Domains Unique Reload Total
google.com 1625 929 2554
blogspot.com 1365 1902 3267
yahoo.com 688 241 929
technorati.com 461 184 645


Search Engine Unique Reload Total Share
Google 2,001 1,145 3,146 64.49%
Yahoo 853 315 1,168 27.49%
MSN search 112 43 155 3.61%


on October 24, 2005 08:01 PM
# imabug said:

AWStats gives me similar numbers for my web server. so far for this month:
47% Google
38.6% Google (images)
6% Yahoo
3% MSN
1.8% AOL

Googlebot visits accounted for almost 25% of hits from the top 10 visiting bots, with Yahoo Slurp coming in a close 2nd at 22%. MSNBot was 4th at 14%.

on October 25, 2005 09:48 AM
# Marek said:

There's a web analytics company in Poland that tracks virtually every Polish site and shows referral stats for those pages at

Google has a 73%, Yahoo 0.9%, two major Polish portal sites about 10%. What is interesting is that if you look at the market shares as measured by the search audiences (by unique users http://www.ranking.pl/rank.php?stat=months&megapanel=1) the whole search engine stats look totally different: Google 66%, two major Polish portal sites: 31% and 25%

A little off-topic: I can't really understand why did Yahoo so easily gave up the local markets worldwide to Google. It has a good search, supports many languages but for some reason doesn't provide simple localized search-only sites where ordinary Joes could start their surfing from. Now if you want to look for web pages in non-English language, you had to go through the advanced search as if it was so difficult to show the relevant language based on the browser language settings...

on October 25, 2005 04:01 PM
# Will Cox said:

While I wait for the computers to finish counting the several millions of log lines, might I make one small observation?

Google is a verb.

on October 25, 2005 04:03 PM
# Search Engines Web :? said:

<<<< People who use Google are more likely to be searching for content that's on my site.

That theory could be verified by analyzing the KEYWORDS that the individual Search Engines are sending to any site.

Some stats divide up their Categories and seperate the queries by each Search Engine

Also what are your Rankings for competative queries -
including more Valid, Relevant, Themed Keywords in the Title Tags may get the site Noticed on Yahoo and MSN.
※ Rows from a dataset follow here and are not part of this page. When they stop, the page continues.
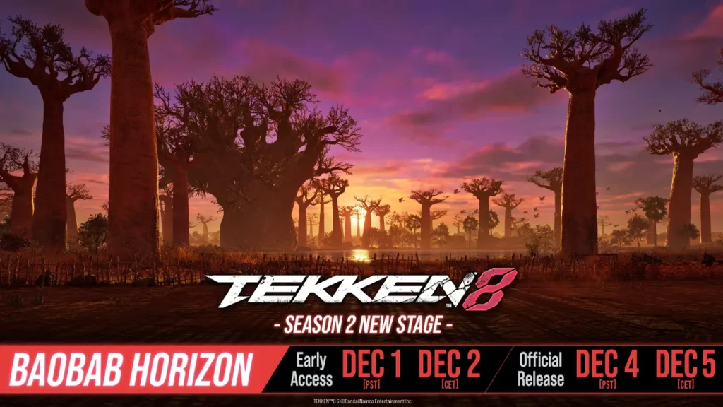Insieme alla nuova combattente è stato presentato anche il nuovo stage Baobab Horizon, ispirato ai viaggi del team di sviluppo in Madagascar. Lo scenario consente ai giocatori di affrontarsi tra maestosi baobab e fauna selvaggia. Lo stage sarà incluso nel Character and Stage Pass dell’Anno 2 e disponibile anche per l’acquisto separato.
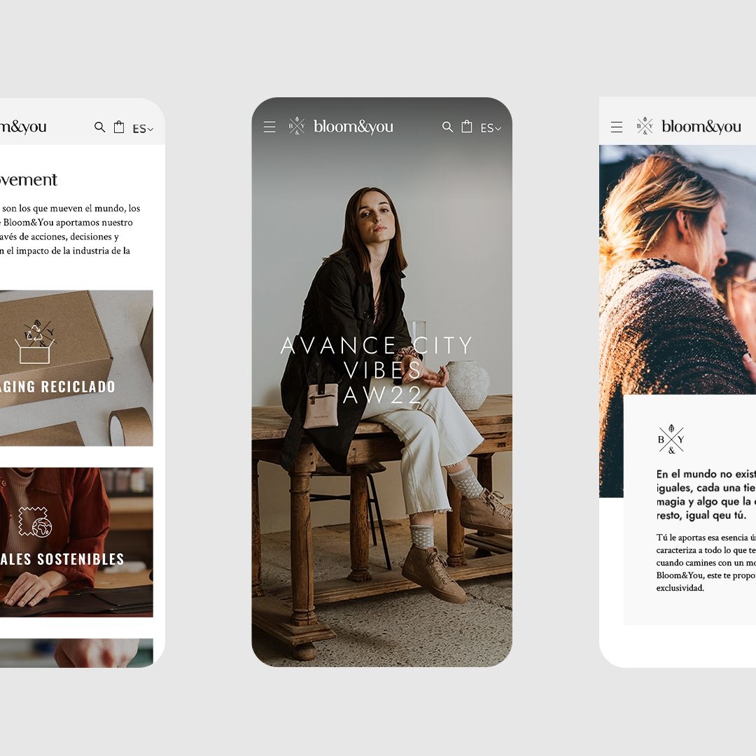 Todo el universo de marca lo hemos plasmado en un eCommerce muy visual que proyecta los valores diferenciales de Bloom&You. Partimos de una fase inicial de análisis e inspiración, seguida de un importante trabajo de UX para lanzar un eCommerce que genera una experiencia de compra fácil y muy intuitiva. El resultado es un diseño y desarrollo a medida que no solo permite comprar sus diseños de calzado y complementos, sino que además lo convierte en un espacio de inspiración gracias a su blog y su sección Editorial.
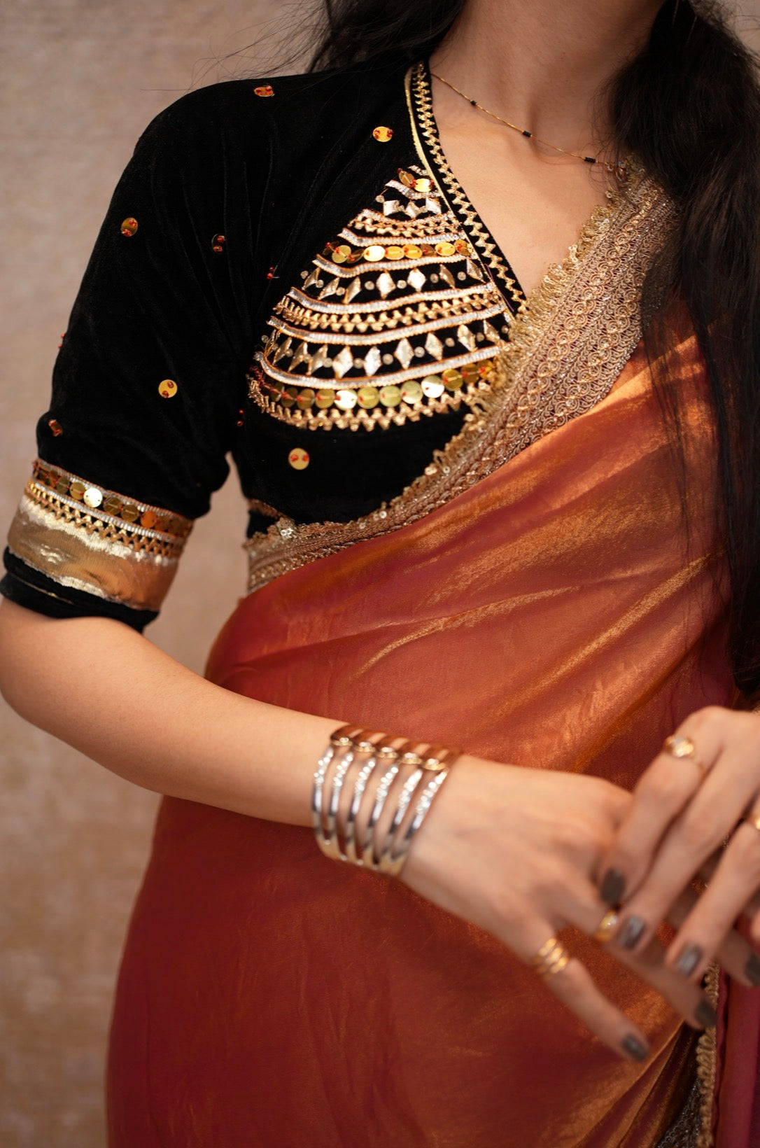 A beautiful Rajasthani Angi blouse accompanied by a Sabyasachi designer lace saree that exquisitely captures the essence of Indian heritage with a dash of opulence.” The Angi blouse is adorned with classic Rajasthani work; therefore, it provides a beautiful cultural essence to the attire, while the designer lace saree brings a pinch of sophistication and elegance to it. Additionally, it also comes with a matching blouse; hence, it serves as a complete set to wear on occasions such as weddings or celebrations.
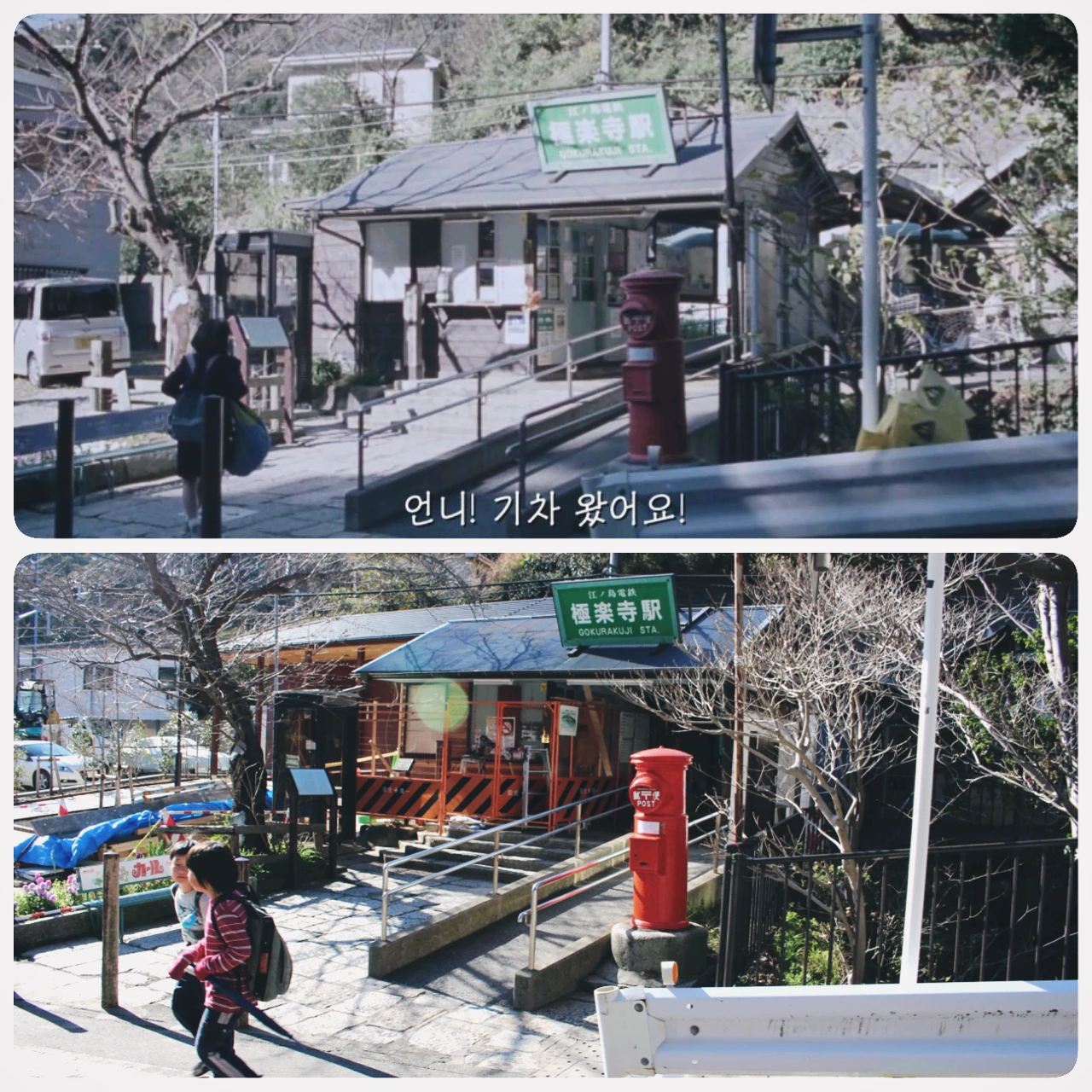 네 자매의 출근 혹은 등굣길이었던 전차역. 가마쿠라의 명물인 동네 전차 ‘에노덴’을 타고 내리는 곳이다.
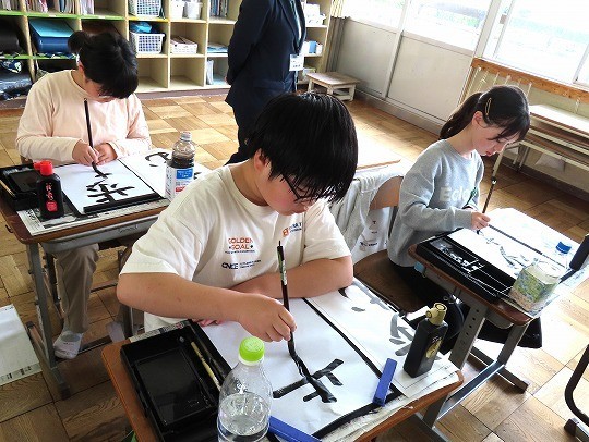 まずは、腕の運動、筆の持ち方や姿勢、墨をつけずに書く練習など、基礎的なことを大切に進めていました。

on October 27, 2005 10:42 AM
# KH said:

My Japanese blog stats (September);

 # Google 614 (58.70%)
 # Yahoo!JAPAN 242 (23.14%)
 # MSN Search 89 (8.51%)
 # Biglobe 25 (2.39%)
 # goo 13 (1.24%)
 # SF Livedoor 13 (1.24%)
 # InfoSeek Japan 12 (1.15%)
 # OCN Seach 10 (0.96%)
 # Excite Japan 9 (0.86%)
 # Technorati 8 (0.76%)
 # @nifty:@search 6 (0.57%)
 # AOL Search 2 (0.19%)
 # Goo Blog 1 (0.10%)
 # FreshEYE 1 (0.10%)
 # bulkfeeds.net 1 (0.10%)

on October 30, 2005 07:27 PM
# Anatoly Lubarsky said:
on November 1, 2005 12:31 PM
# peter said:

So there is money in them thaaaar hills? Good article by the way.

Just to hop off topic for a second. Please can you test my site and give me some constructive feedback. Much appreciated.